[TASK STATEMENT]: The listing that follows must be retyped exactly, without its pictures.

[DATA PROVIDED]:

┄┄┄┄┄┄┄┄┄┄┄┄┄┄┄┄┄┄┄┄

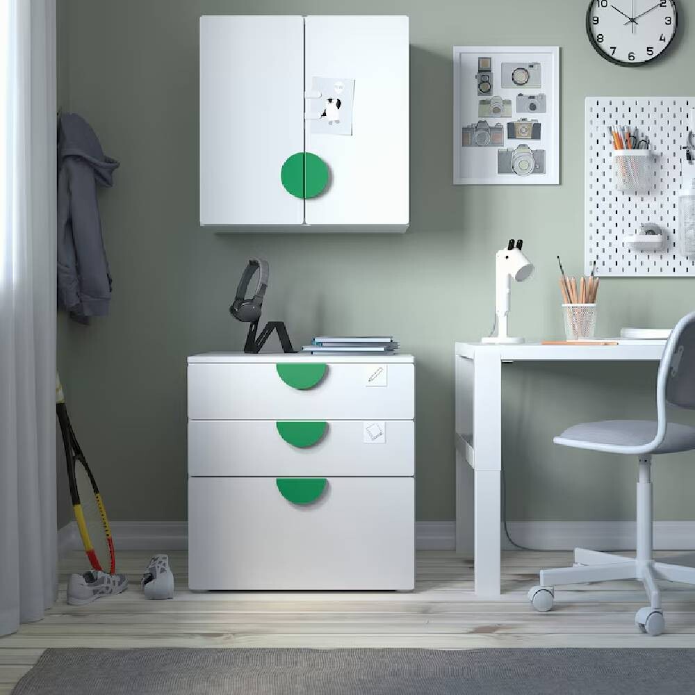 Игрушки, книги и незавершенные поделки можно убрать в шкаф подальше от глаз.
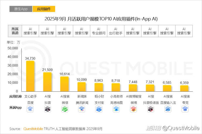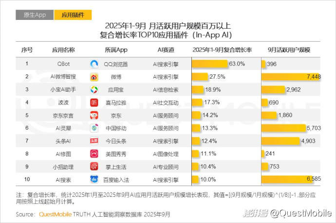 1.2 趨勢上,來自載體App加持的AI應用插件,擁有更低的用戶獲取成本,表現(xiàn)出相對更強的增長勢頭,其9月活躍用戶突破7億大關(guān)
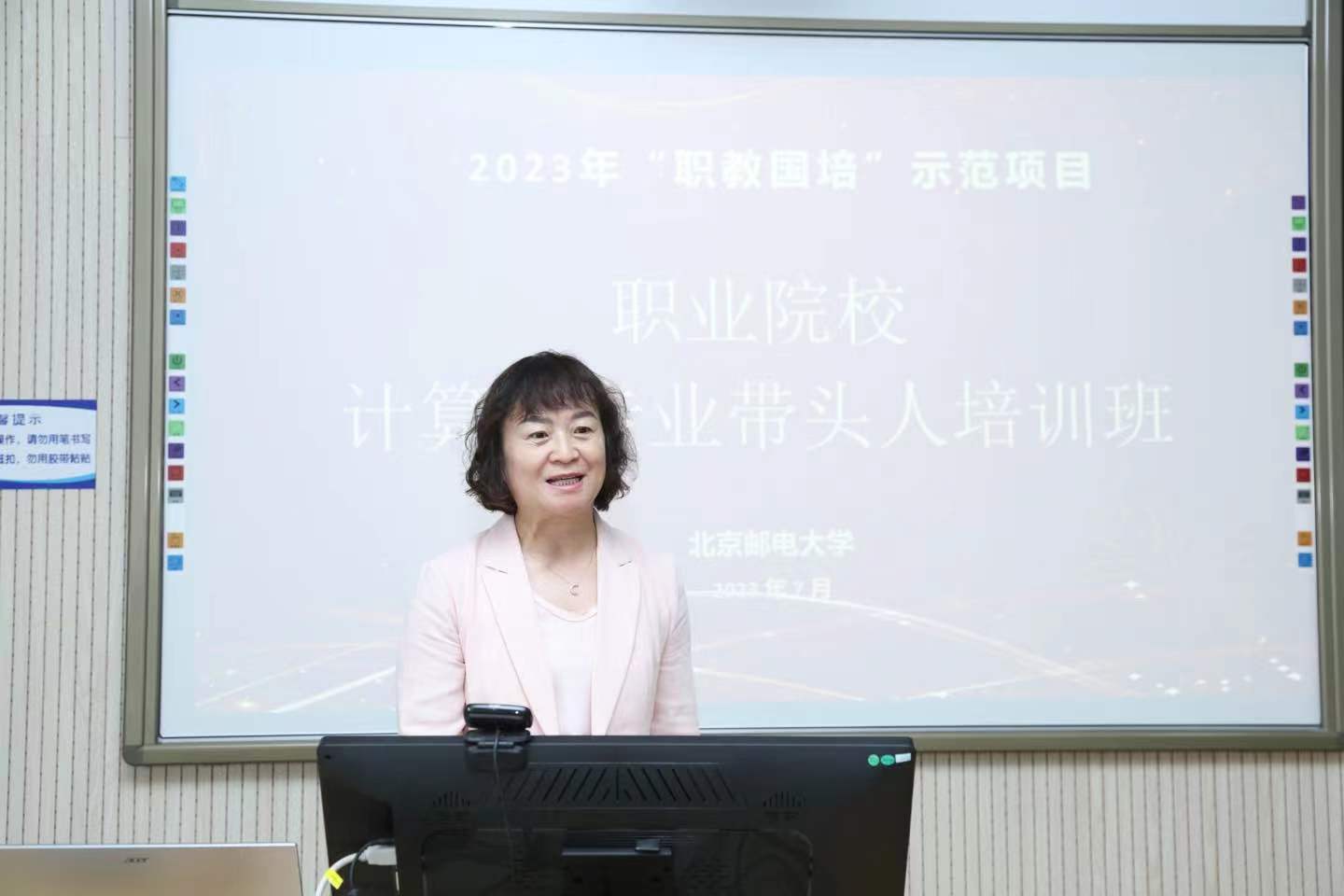 7月20日上午,教育部2023年“职教国培”示范项目高职院校计算机类专业带头人培训班在北京邮电大学教三楼117举行开班仪式。开班仪式由北京邮电大学网络(继续)教育学院副院长刘莹主持,北京邮电大学网络(继续)教育学院党委书记张茹、北京邮电大学网络(继续)教育学院院长张闯、深信服产教中心校企合作华北区总监邢雷、北京大学教育学院教授郭建如出席,来自全国25个省市自治区、53所高职院校的53名学员参加,为期20天的培训拉开序幕。

┄┄┄┄┄┄┄┄┄┄┄┄┄┄┄┄┄┄┄┄

[RESPONSE]:
 Игрушки, книги и незавершенные поделки можно убрать в шкаф подальше от глаз.
 1.2 趨勢上,來自載體App加持的AI應用插件,擁有更低的用戶獲取成本,表現(xiàn)出相對更強的增長勢頭,其9月活躍用戶突破7億大關(guān)
 7月20日上午,教育部2023年“职教国培”示范项目高职院校计算机类专业带头人培训班在北京邮电大学教三楼117举行开班仪式。开班仪式由北京邮电大学网络(继续)教育学院副院长刘莹主持,北京邮电大学网络(继续)教育学院党委书记张茹、北京邮电大学网络(继续)教育学院院长张闯、深信服产教中心校企合作华北区总监邢雷、北京大学教育学院教授郭建如出席,来自全国25个省市自治区、53所高职院校的53名学员参加,为期20天的培训拉开序幕。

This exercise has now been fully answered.